» **WHAT IS NEEDED**
Repeat the data exactly. Pictures stay out.

RECORDS FOR THE TASK START

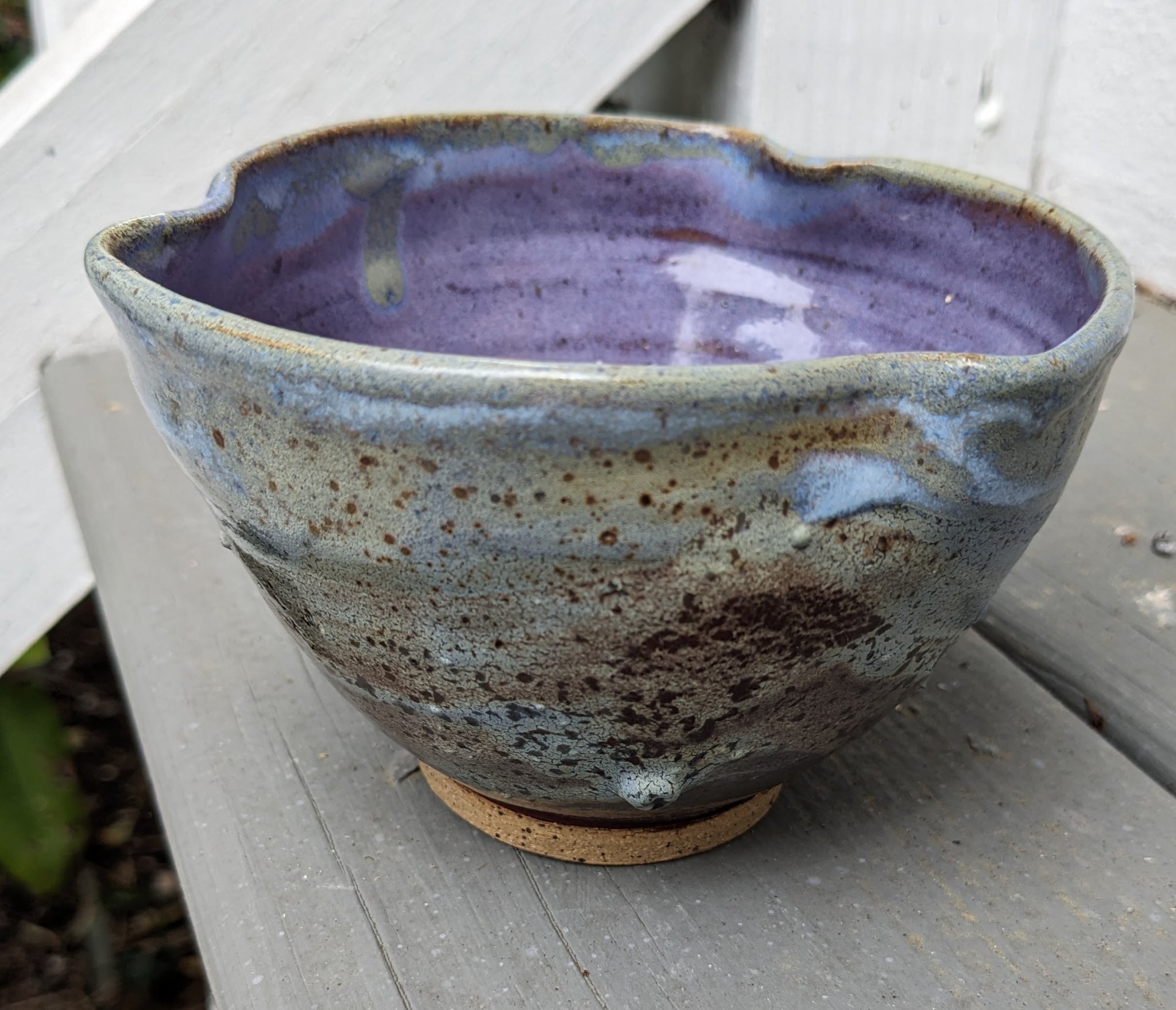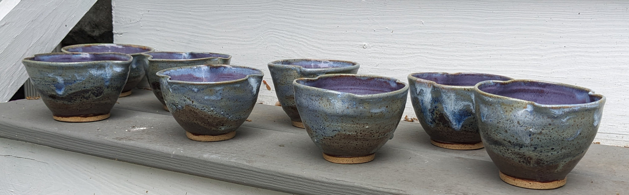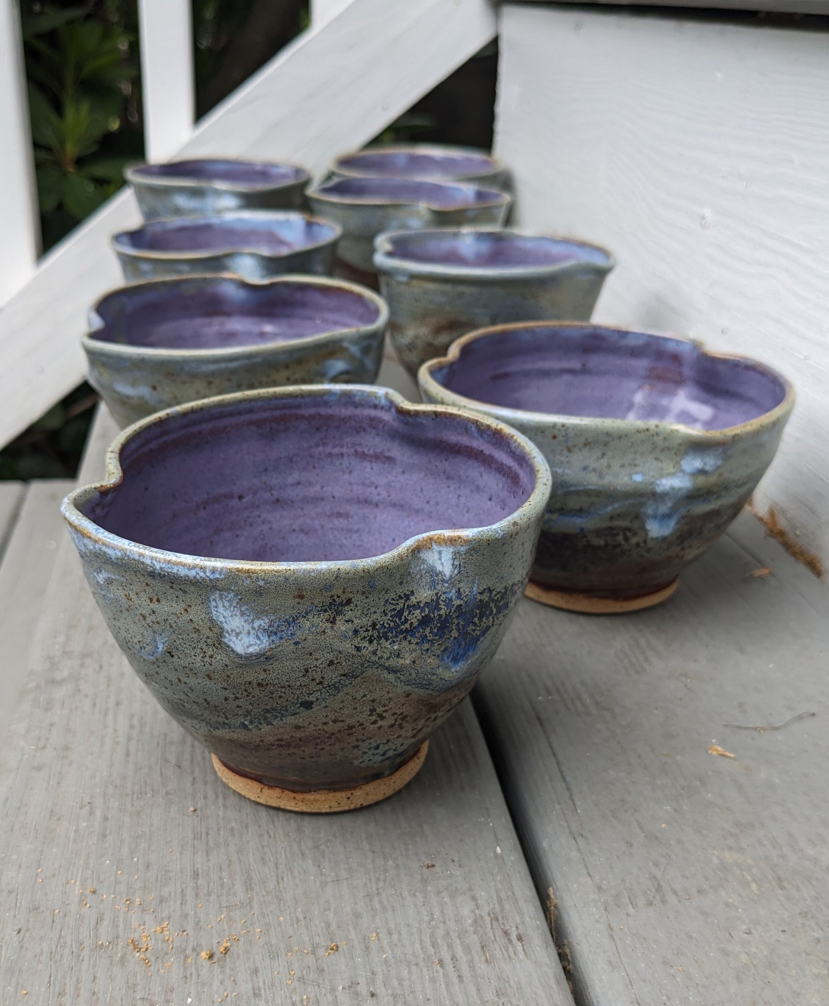 Bowls are approx. 3 1/2 in. tall and 3-4 1/2 in. wide. Blues and browns outside, purple inside.
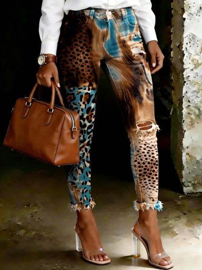 Women's Vintage Gradient Leopard Print Art Ripped Skinny Jeans
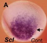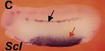 clear (D, white dots within white circle) and little Scl expression remains (D, black
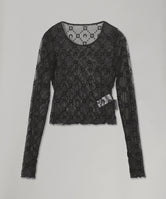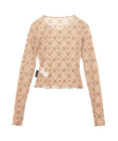 Moonogram Mesh Flock Ls Cropped Top
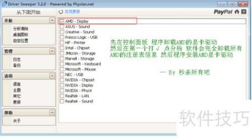 5、 Driver Sweeper 是一款专门用于清除显卡及其他驱动程序残留注册表信息的工具。在卸载相关程序后,可运行该软件,勾选AMD DISPLAY选项,随后点击分析按钮,待扫描完成后执行清理操作,彻底清除残留数据,有助于系统优化和新驱动的正常安装。软件下载地址:www.400gb.com/file/29196960。

RECORDS FOR THE TASK END

» **RESULT FOR THIS EXERCISE**
 Bowls are approx. 3 1/2 in. tall and 3-4 1/2 in. wide. Blues and browns outside, purple inside.
 Women's Vintage Gradient Leopard Print Art Ripped Skinny Jeans
 clear (D, white dots within white circle) and little Scl expression remains (D, black
 Moonogram Mesh Flock Ls Cropped Top
 5、 Driver Sweeper 是一款专门用于清除显卡及其他驱动程序残留注册表信息的工具。在卸载相关程序后,可运行该软件,勾选AMD DISPLAY选项,随后点击分析按钮,待扫描完成后执行清理操作,彻底清除残留数据,有助于系统优化和新驱动的正常安装。软件下载地址:www.400gb.com/file/29196960。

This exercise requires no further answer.